[The task]: With the pictures left out, every record must be reproduced exactly.

─── Material supplied ───

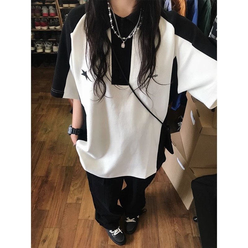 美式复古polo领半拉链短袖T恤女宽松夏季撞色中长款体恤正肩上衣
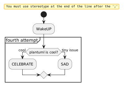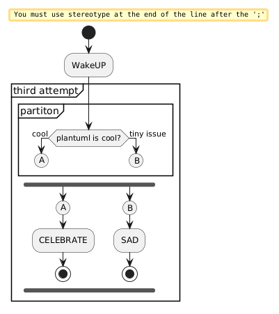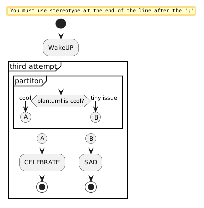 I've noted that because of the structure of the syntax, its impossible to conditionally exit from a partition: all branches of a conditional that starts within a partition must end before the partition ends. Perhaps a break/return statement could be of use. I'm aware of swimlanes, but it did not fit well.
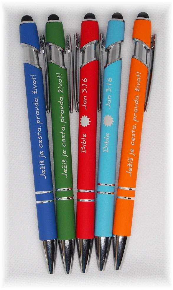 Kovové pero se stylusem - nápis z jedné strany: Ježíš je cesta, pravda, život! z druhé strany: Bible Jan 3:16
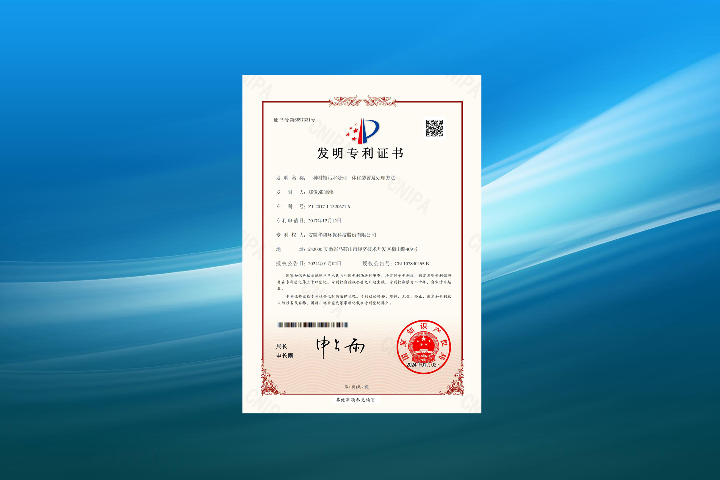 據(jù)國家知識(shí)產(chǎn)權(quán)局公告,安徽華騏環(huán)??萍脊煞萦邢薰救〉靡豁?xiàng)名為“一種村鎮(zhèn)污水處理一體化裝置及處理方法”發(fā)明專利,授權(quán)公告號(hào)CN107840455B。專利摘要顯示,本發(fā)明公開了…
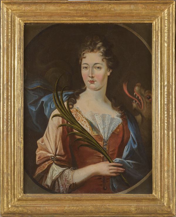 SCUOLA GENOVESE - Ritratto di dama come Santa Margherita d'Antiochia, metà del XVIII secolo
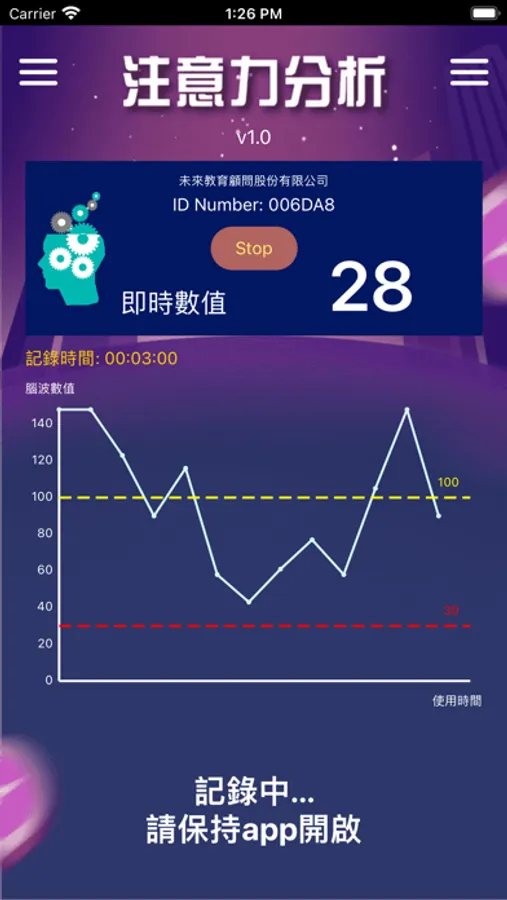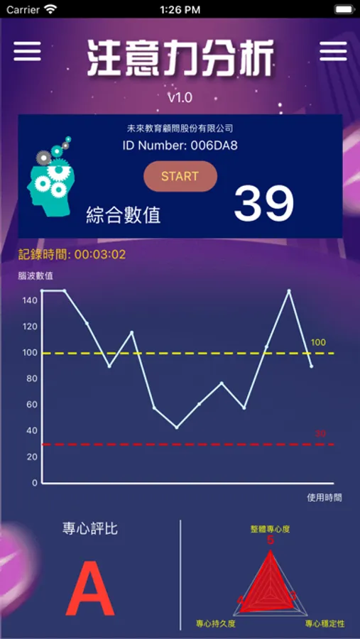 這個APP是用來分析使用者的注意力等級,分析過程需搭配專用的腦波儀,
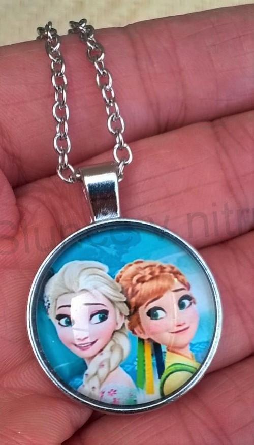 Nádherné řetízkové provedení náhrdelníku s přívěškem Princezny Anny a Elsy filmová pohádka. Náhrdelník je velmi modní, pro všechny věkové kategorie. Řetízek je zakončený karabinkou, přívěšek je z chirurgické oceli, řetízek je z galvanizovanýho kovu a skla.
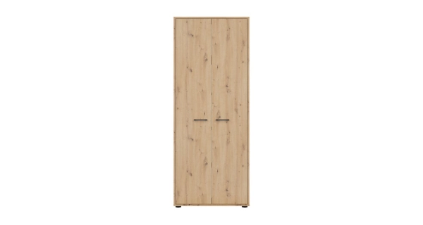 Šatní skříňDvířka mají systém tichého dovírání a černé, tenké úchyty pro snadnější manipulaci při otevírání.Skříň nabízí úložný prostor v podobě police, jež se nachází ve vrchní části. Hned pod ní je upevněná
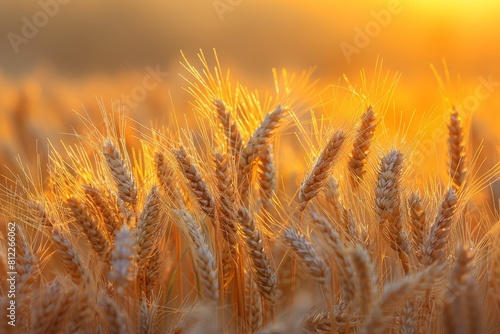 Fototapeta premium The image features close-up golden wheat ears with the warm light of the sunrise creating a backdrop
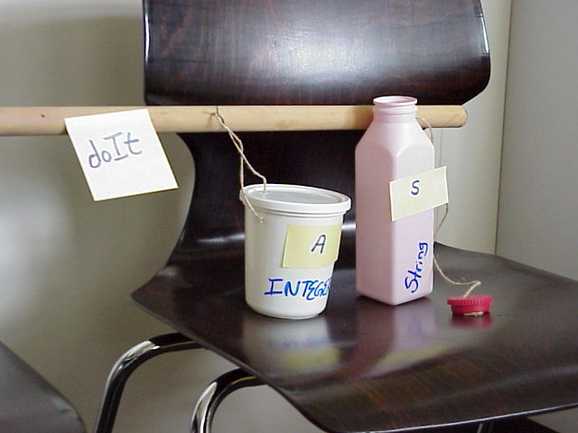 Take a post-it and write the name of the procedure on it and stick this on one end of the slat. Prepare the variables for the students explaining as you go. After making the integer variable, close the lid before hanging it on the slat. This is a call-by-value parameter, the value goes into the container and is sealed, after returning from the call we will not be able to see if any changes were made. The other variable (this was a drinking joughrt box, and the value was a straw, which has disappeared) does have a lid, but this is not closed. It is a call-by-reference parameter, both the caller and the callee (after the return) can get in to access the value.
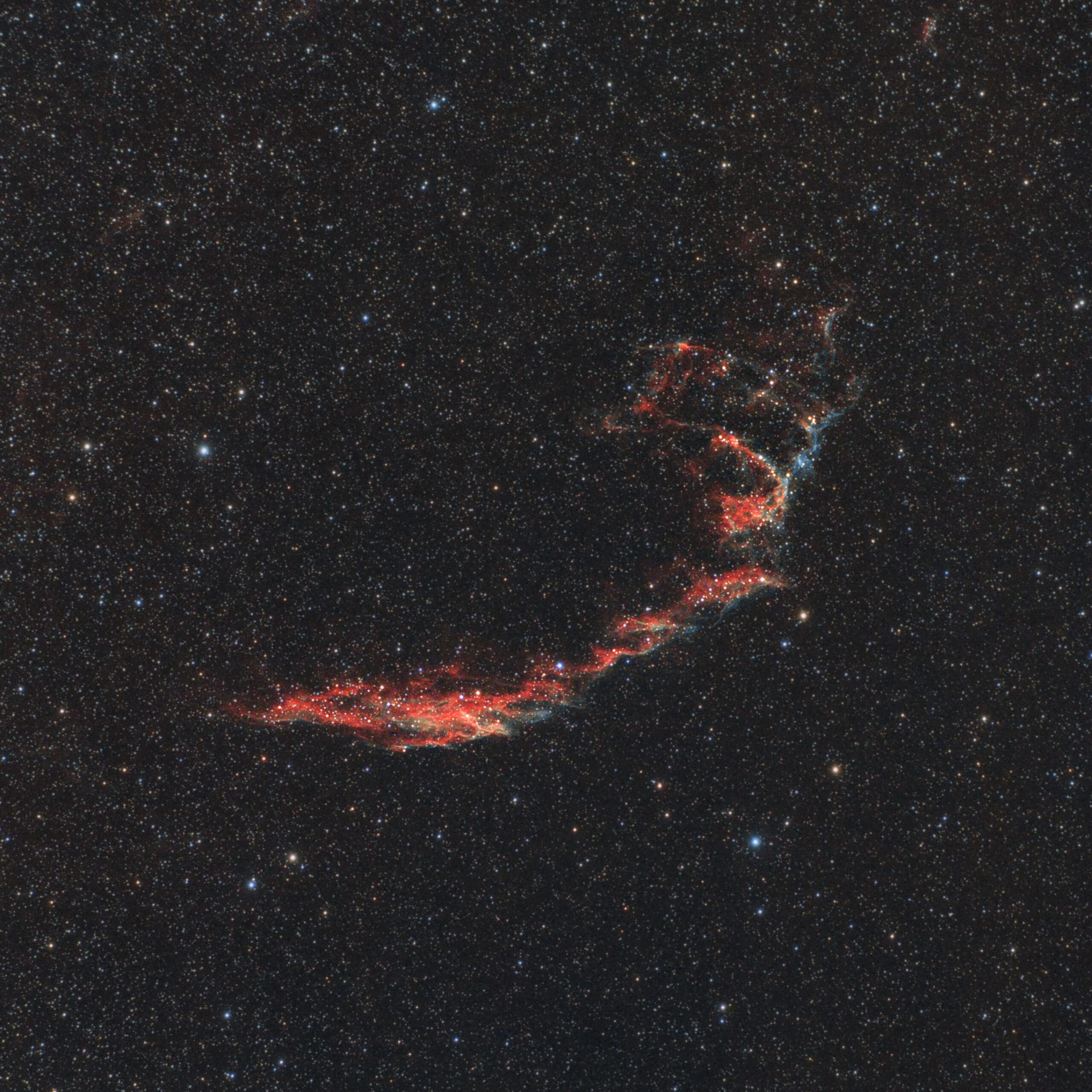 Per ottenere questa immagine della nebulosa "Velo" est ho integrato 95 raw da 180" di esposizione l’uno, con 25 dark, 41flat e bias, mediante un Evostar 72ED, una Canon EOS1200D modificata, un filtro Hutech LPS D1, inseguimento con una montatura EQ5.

───

[Expected output]:
 美式复古polo领半拉链短袖T恤女宽松夏季撞色中长款体恤正肩上衣
 I've noted that because of the structure of the syntax, its impossible to conditionally exit from a partition: all branches of a conditional that starts within a partition must end before the partition ends. Perhaps a break/return statement could be of use. I'm aware of swimlanes, but it did not fit well.
 Kovové pero se stylusem - nápis z jedné strany: Ježíš je cesta, pravda, život! z druhé strany: Bible Jan 3:16
 據(jù)國家知識(shí)產(chǎn)權(quán)局公告,安徽華騏環(huán)??萍脊煞萦邢薰救〉靡豁?xiàng)名為“一種村鎮(zhèn)污水處理一體化裝置及處理方法”發(fā)明專利,授權(quán)公告號(hào)CN107840455B。專利摘要顯示,本發(fā)明公開了…
 SCUOLA GENOVESE - Ritratto di dama come Santa Margherita d'Antiochia, metà del XVIII secolo
 這個APP是用來分析使用者的注意力等級,分析過程需搭配專用的腦波儀,
 Nádherné řetízkové provedení náhrdelníku s přívěškem Princezny Anny a Elsy filmová pohádka. Náhrdelník je velmi modní, pro všechny věkové kategorie. Řetízek je zakončený karabinkou, přívěšek je z chirurgické oceli, řetízek je z galvanizovanýho kovu a skla.
 Šatní skříňDvířka mají systém tichého dovírání a černé, tenké úchyty pro snadnější manipulaci při otevírání.Skříň nabízí úložný prostor v podobě police, jež se nachází ve vrchní části. Hned pod ní je upevněná
 Fototapeta premium The image features close-up golden wheat ears with the warm light of the sunrise creating a backdrop
 Take a post-it and write the name of the procedure on it and stick this on one end of the slat. Prepare the variables for the students explaining as you go. After making the integer variable, close the lid before hanging it on the slat. This is a call-by-value parameter, the value goes into the container and is sealed, after returning from the call we will not be able to see if any changes were made. The other variable (this was a drinking joughrt box, and the value was a straw, which has disappeared) does have a lid, but this is not closed. It is a call-by-reference parameter, both the caller and the callee (after the return) can get in to access the value.
 Per ottenere questa immagine della nebulosa "Velo" est ho integrato 95 raw da 180" di esposizione l’uno, con 25 dark, 41flat e bias, mediante un Evostar 72ED, una Canon EOS1200D modificata, un filtro Hutech LPS D1, inseguimento con una montatura EQ5.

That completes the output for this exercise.